Australia: Did you renew the last maximum term contract? If not, be prepared to fight an unfair dismissal action

Last Updated: 1 February 2018
Article by Mike Baldwin

This is the unlikely outcome of the Full Bench decision in Navitas1, which saw the Full Bench throw out the presumed settled view as expressed in Lunn2. Instead, it found that the expiry of a maximum term contract at its nominal expiry date was not a dismissal, as the termination was not at the initiative of the employer. Lunn therefore was authority for the view that upon expiry of the contract, an employee was jurisdictionally barred from pursuing an unfair dismissal claim.

In debunking Lunn, this decision has turned this presumption on its head.

Facts

Mr Khayam was employed by Navitas on a series of maximum term contracts over a number of years. At the conclusion of the last contract, given concerns over his performance, a new contract was not entered into. Navitas allowed the maximum term contract to expire thinking that as per Lunn, this decision would not have a deleterious impact on the organisation.

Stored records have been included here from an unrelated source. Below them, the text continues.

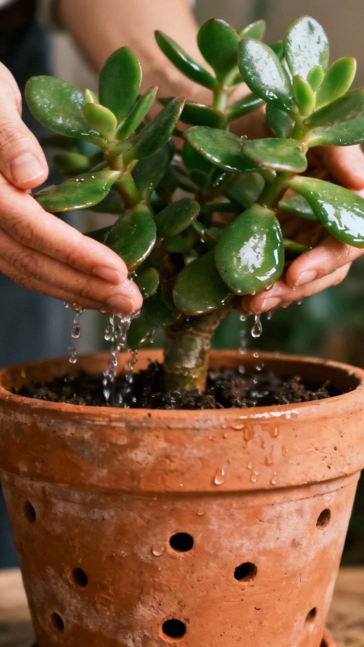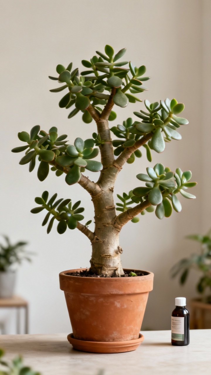 Jade plants don’t need a buffet. Feed lightly during spring and summer with a balanced, diluted fertilizer (half-strength) once a month.
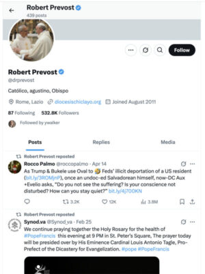 In his social media account on X (@drprevost), which he joined in 2011, Pope Leo XIV offers more hints into what moved, stirred and concerned him in 439 posts beginning in 2014.
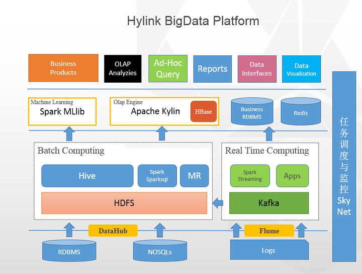 数据处理层:根据数据处理场景要求不同,可以划分为HADOOP、MPP、流处理等等。
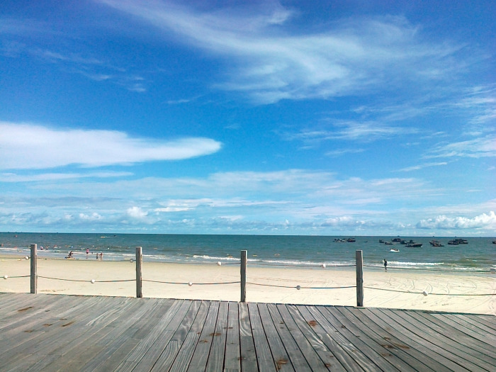 去涠洲岛途径北海,晚上看到很多当地人去银滩,而且从北海回长沙时,途径南宁,很多南宁人都在银滩避暑。北海银滩区域内的海域海水纯净,陆岸植被丰富,环境优雅宁静,空气格外清新。沙子晶莹洁白,掬一把在手里,如精盐一般。因为沙子细腻致密,游人在潮水刚退去的平坦宽阔的海滩漫步,甚至连脚印也不会留下。不过,走在沙滩上多少还是会留下些许印记的。在银滩,即使不下海游泳,坐在海边也是可以不知不觉待上半天,从烈日当头等到夕阳西下,就静静地看浪花起落,往复不息。面朝大海,即使其他地方仍是寒冬,内心也会春暖花开。最佳游览时间:每年3月~11月 小贴士:到银滩玩,下海游泳,请事先带好泳衣、泳镜、游泳圈等游泳装备,如果嫌麻烦,银滩附近有许多出售或出租游泳用具的小摊,只是价钱不便宜;游泳时切勿到深水区和无救生员看守区,不要离岸太远,一旦起风涨潮马上上岸;远离海上摩托艇,注意安全;海边的阳光充足,也很“毒”,游泳后的皮肤很容易晒脱皮,要携带防晒护肤品,注意保护。

In contrast, Khayam contended that his employment had been terminated at the initiative of the employer, rather than the effluxion of time and therefore, he was entitled to make an application for unfair dismissal. At first instance, a single commissioner in applying Lunn found for Navitas. On appeal the Full Bench found that it raised an arguable case of error concerning the application of Lunn to the unfair dismissal provision of the Workplace Relations Act 1996 and that its reasoning had not been applied to the relevant provisions of the Fair Work Act 2009 (Act).

In finding for Khayam, the Full Bench held that Lunn was incorrect and therefore not applicable to the Act. It held that the in determining whether there was a dismissal, the correct view was to examine the employment relationship, rather than the termination of the maximum term contract.

So, in deciding not to renew on the basis of the effluxion of time, this may be a termination of employment at the initiative of the employer. The impact being the employee can access the unfair dismissal jurisdiction.

In this case the Full Bench did not ultimately determine whether the employee's employment had been terminated at the initiative of the employer, preferring to remit the matter back to the Commissioner at first instance to determine that question.

Where does this leave employers?

Employers that utilise this type of instrument (local government, public sector and large resource project employers), are advised to undertake a complete review of their contracts. The likelihood of exposure could be quite high, not only with respect to unfair dismissal, but also redundancy, as the employer no longer requires the job be done by anyone and the termination is not due to the ordinary and customary turnover of labour.

In terms of the review, consideration should be given to converting the shorter maximum term contracts into the true fixed term contract, thereby preserving the statutory exclusion to the unfair dismissal jurisdiction. For contracts of a longer term nature, employers will need to have developed a risk management protocol for managing and ending these types of contractual arrangements, so as to lessen their exposure to unfair dismissal litigation.

The information published in this paper is of a general nature and should not be construed as legal advice. Whilst we aim to provide timely, relevant and accurate information, the law may change and circumstances may differ. You should not therefore act in reliance on it without first obtaining specific legal advice.

Footnotes

1 Khayam v Navitas English Pty Ltd t/a Navitas English [2017] FWCFB 5162

2 Department of Justice v Lunn (2006) 158 IR 410

The content of this article is intended to provide a general guide to the subject matter. Specialist advice should be sought about your specific circumstances.